Okullarda görülen menfî davranışlar; silâh taşıma, eşyaya zarar verme, kavga etme, öldürme, psikolojik baskı, ahlâk dışı davranışlara zorlama, intihar girişimi, kabadayılık ve çeteleşme şeklinde sınıflandırılabilir. Bu tür davranışlar bir kişi ile sınırlı kalmayarak, toplumu ve eğitim câmiasını tesir altına alır. Bu durumda okullarda güven eksikliği oluşur, emniyetin olmadığı bir yerde çocuk ve gençler kendilerini eğitim ve öğretime veremez, neticede eğitimin kalitesi düşer. Şiddetin önünün alınamaması, bu tür menfî davranışların daha da artmasına sebep olur. Şiddet, kullanıcılarının elinde âdeta sihirli bir güç hâline gelir. Şiddet kullanan talebeler mesuliyetten kaçar, çeşitli menfaatler elde eder (para toplama, dersleri kolayca halletme, okuldaki kurallardan kurtulma, arkadaşlarına hükmetme vb.), nüfuzlarını artırır ve ilgi odağı olur. Fâsit bir daire içinde şiddet, menfî duygu ve davranışları besler; bu ise yeni şiddet hâdiselerine basamak teşkil eder.

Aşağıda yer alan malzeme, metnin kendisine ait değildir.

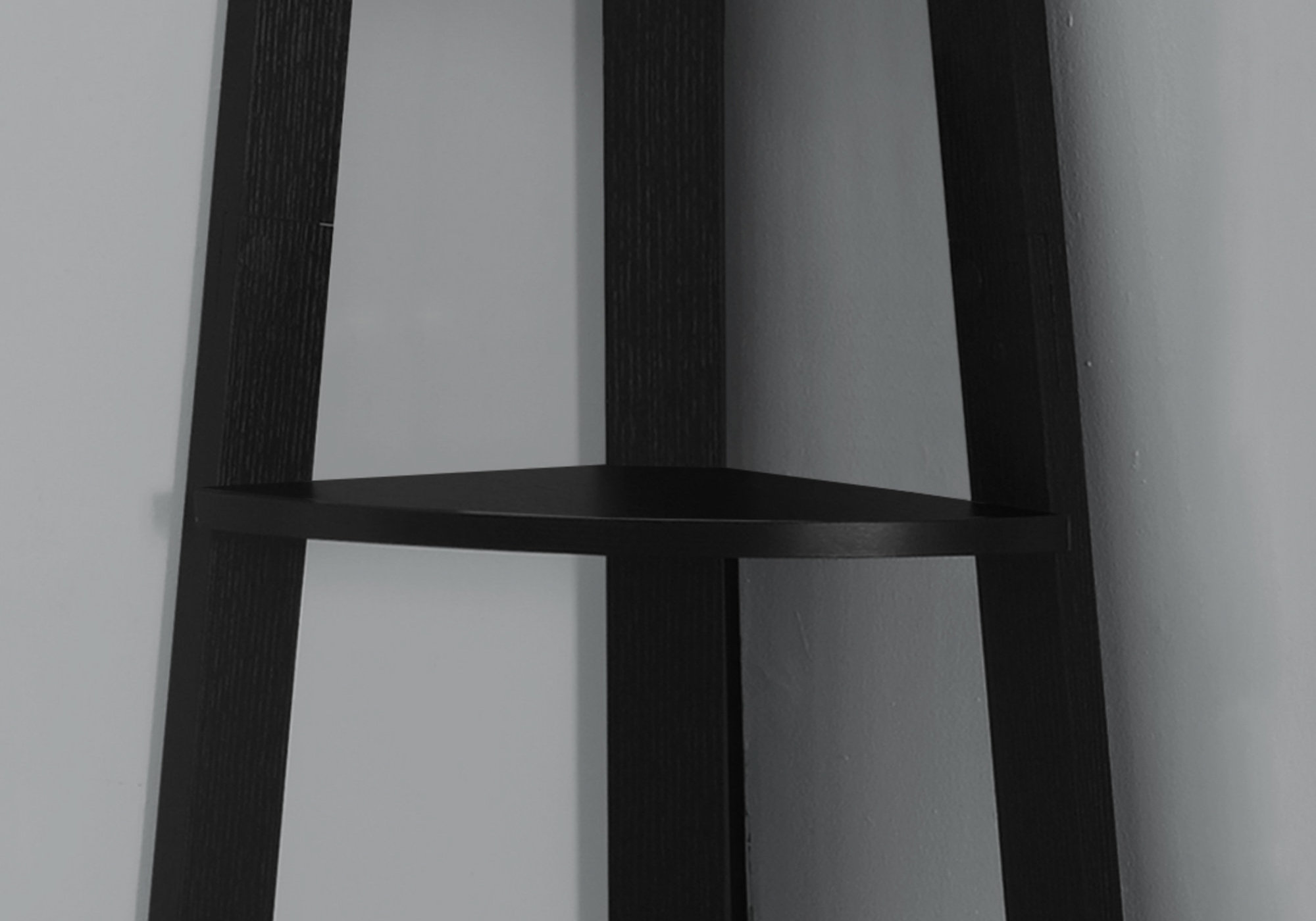 This Black Five Tier Open Corner Bookcase is the ideal tool for those who wish to give a spark of modern charm to their rooms. Its design gives it a predominantly contemporary feel, which it in turn grants to wherever it finds itself. Beside the intriguing and contemporary style in which it was designed and built, the bookcase also has ample storage space on its five shelves, for stashing books, photographs, magazines, or even small plants. It will add warmth and style to any place, and the contemporary look of this corner bookcase gives it the ability to blend in any environment, including an office, or a living room. 71.25″ x 15.5″ x 22.5″

Önceleri şiddete başvuranların; zekâ seviyesi düşük, toplumdan dışlanmış, uyuşturucu madde kullanan ve ailevî problemleri olan çocuklar olduğu düşünülürdü. Ancak daha sonraki dönemlerde zâhiren ailevî problemi olmayan, refah seviyesi yüksek, uyuşturucu madde kullanmayan ve normal zekâlı talebelerin de sıklıkla şiddete yöneldiği fark edildi. Ebeveynleri de hayrete düşüren bu vak’alar, son zamanlarda medyada sık sık yer almaya başladı (15-16 yaşlarındaki kızların kavgası, okuldan kaçan çocukların birbirini yaralaması, çete kavgaları, ölümle neticelenen saldırılar, öğretmenleri tehdit etme ve haraç toplama gibi).

Suçu azaltmanın bir yolu da, şiddete meyilli çocuklara gerekli ilgi ve alâkayı göstermektir. Erişkin suçluların çoğunun çocukluk ve gençlik dönemlerinde de şiddete başvurdukları fark edilmiştir.1 Şiddete meyilli çocukların problemlerinin çözümü hususunda atılacak adımlar, yarının toplumunu daha büyük hasarlardan koruyacaktır.

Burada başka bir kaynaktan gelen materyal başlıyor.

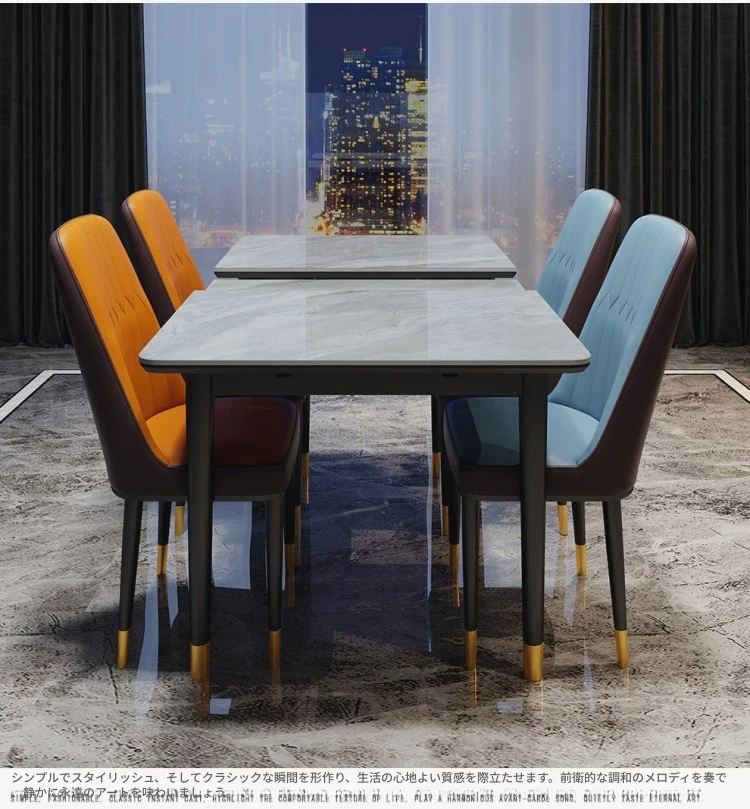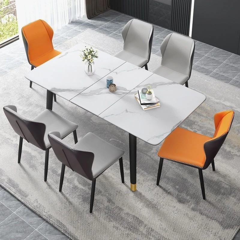 雪山ホワイト【130展開160*80CM】/岩板1卓6椅子 フラッシュチェア 釜なし/玄関配達

Şiddete uğrayan çocukların tehdit neticesi yaşadığı şahsiyet zedelenmesi; utanç duymalarına ve sessiz kalmalarına sebep olabilir. Bu durumda, çocukların baskı ve şiddete mârûz kalması devam edebilir. Bu da sebepsiz korkulara, aileye bağımlılıktaki artışa, strese, başarı düşüşüne, depresyona, intihar girişimine veya şiddete karışmaya sebebiyet verebilir. Anne-babaların, çocuklarındaki sıra dışı davranışları erken fark etmeleri önemlidir. Şiddete mârûz kalmış bir çocuk, bunu gizleme yoluna gider. Dolayısıyla anne-baba ve eğitimciler, çocuktaki bu tip değişiklikleri fark etmeye çalışmalıdır. 2.245 çocuk üzerinde yapılan bir araştırmada, anne-babaların çocuklarının durumlarını takip etmemelerinin, çocukların şiddete mârûz kalmalarını tetiklediği tespit edilmiştir.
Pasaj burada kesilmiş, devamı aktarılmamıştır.